In line 3, where a=b, a starts refering to the b array or you can say both a and b are now refering to the same array. The value of a becomes
a={3,4,5,0}, now line //3 becomes

a[a[0]] i.e a[3]
which is further equals to 4.

Your Output should be 4 and not 1

------------------------------------------------------------------------
Q 2.
int a[]=null;
System.out.println(a[m1()]); //1

int m1() throws Exception
{
throw new Exception("Error in m1()");
}

I'm bit doubt full about the explanation that I'm going to give you but I'm wrong pls guys do let me know.

As per my knowledge I think at line //1, NullPointer exception is expected because we're trying to access index of an array that is pointing to nothing. But before throwing runtime exception JVM comes across m1() at line //1 which it runs and executes the code in it resulting in exception i.e "Error in m1()" due to which program terminates before throwing NULLPOINTER EXCEPTION.

Samant!

public class arr
{
public static void main(String arga[])
{
int[] a=null;
int[] b={3,4,5,0};
System.out.println(a[(a=b)[0]]);
}
}

Says.....
Exception in thread "main" java.lang.NullPointerException
at arr.main(arr.java:8)

ritu...

In line 3, where a=b, a starts refering to the b array or you can say both a and b are now refering to the same array.

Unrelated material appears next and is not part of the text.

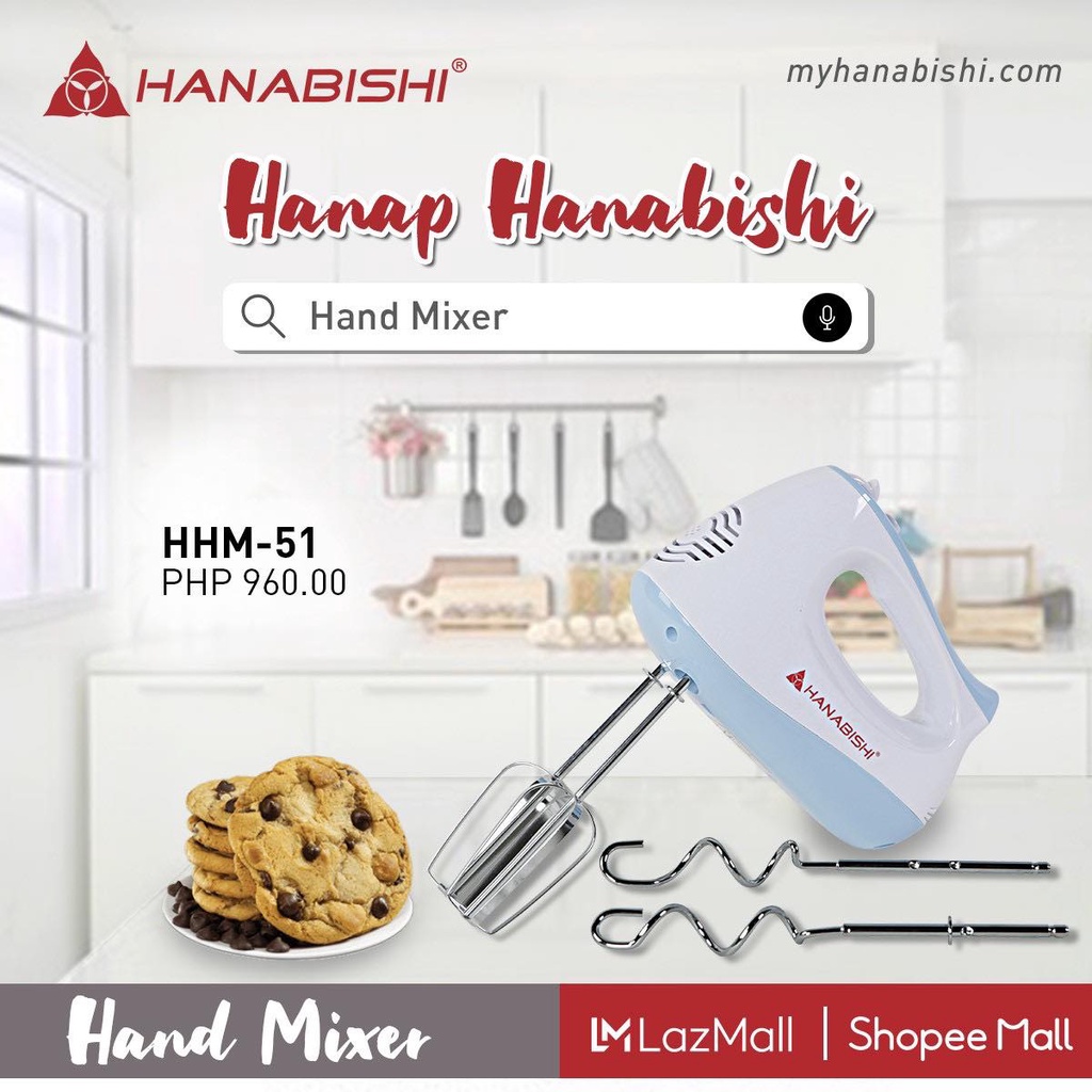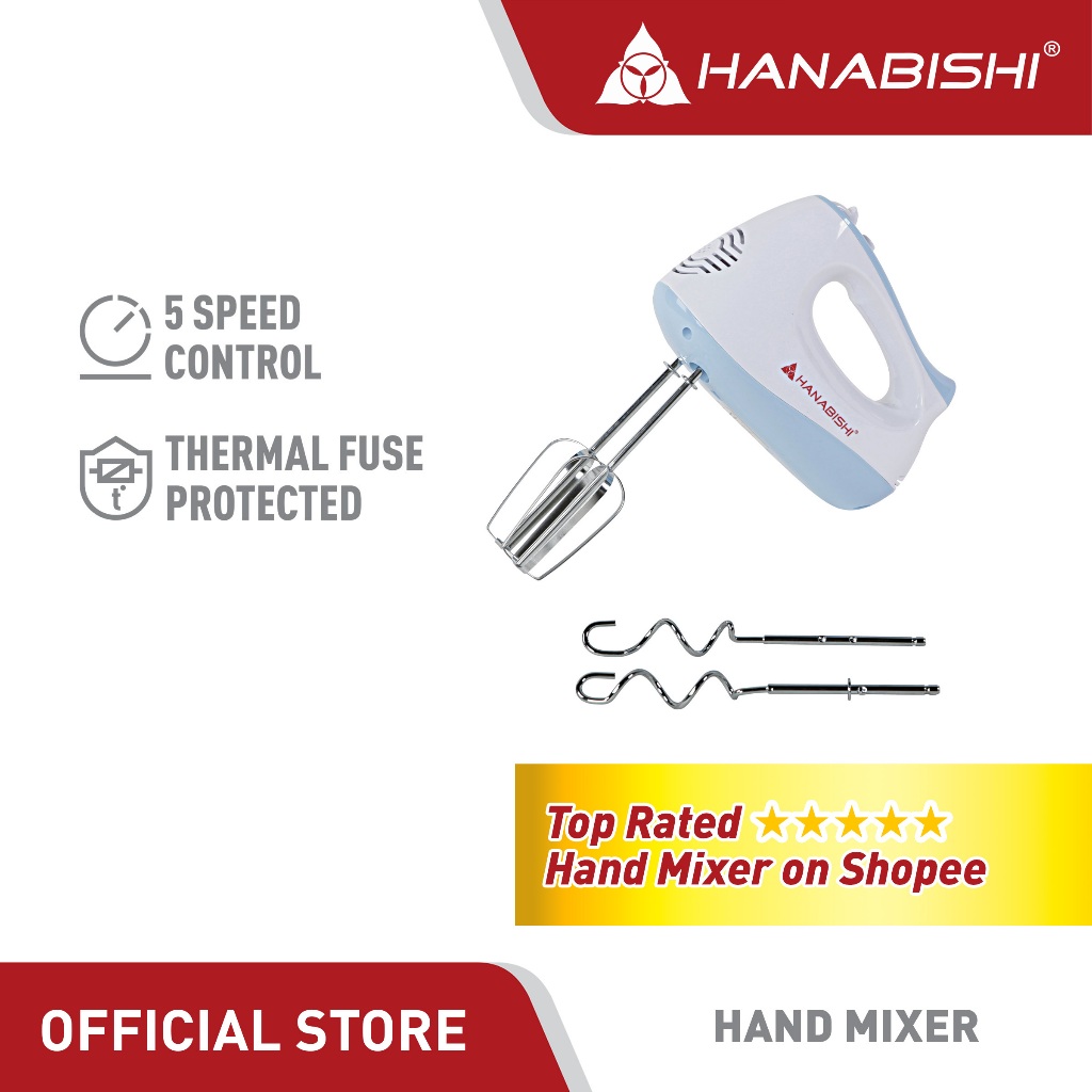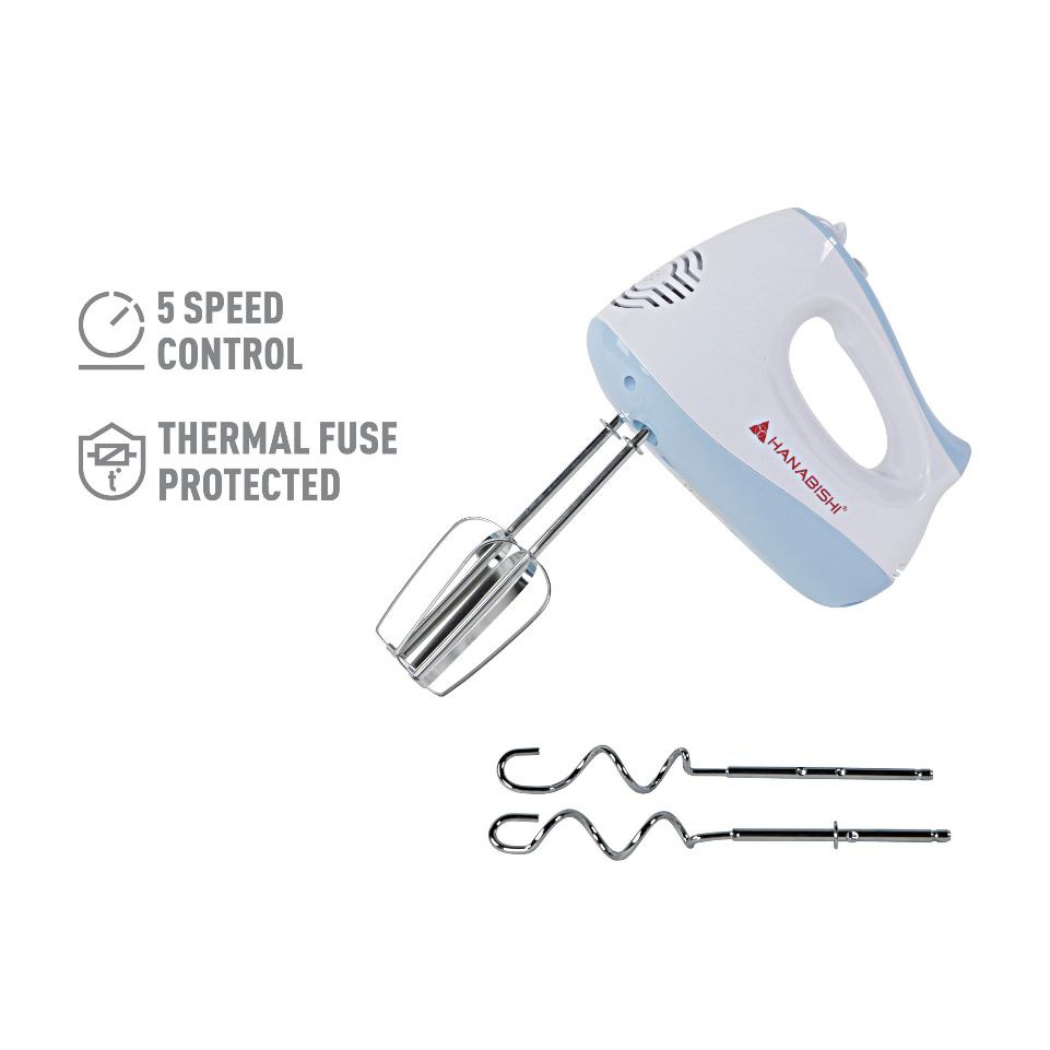 Hanabishi Hand Mixer HHM51 | Best for Baking 5-speed | Beater, Dough Hooks | Turbo

The value of a becomes
a={3,4,5,0}, now line //3 becomes
a[a[0]] i.e a[3]
which is further equals to 4.

in this i have a doubt when you are saying that a={3,4,5,0} then when you are using a[3] why not the o/p is 0 instead of 4 as a={3,4,5,0}..
plz throw some light on it ..

srikanth

within the print statement it is taking the older value of the a array.so it throws null pointer exception in the previous post from akhil.

take this example..
class arr
{
public static void main(String[] args)
{
int[] a={1,2,3,4};
int[] b={3,4,5,0};
//System.out.println(a=b);
//a = b; // 8
System.out.println(a[(a=b)[0]]);
System.out.println(a[0]+" "+a[1]+" "+a[2]+" "+a[3]);
}
}

the output is
4
3 4 5 0

it is looking into the olden a[] with values {1,2,3,4}

if you uncomment line //8 , you will get the value 0 (a will have the new values now)

can anyone explain why this happens?
[ September 13, 2005: Message edited by: karthick sundararajan ]

The answers to all your questions - lies in JLS..let me quote some stuff from it over here...

15.13.2 Examples: Array Access Evaluation Order (Java Language Specification)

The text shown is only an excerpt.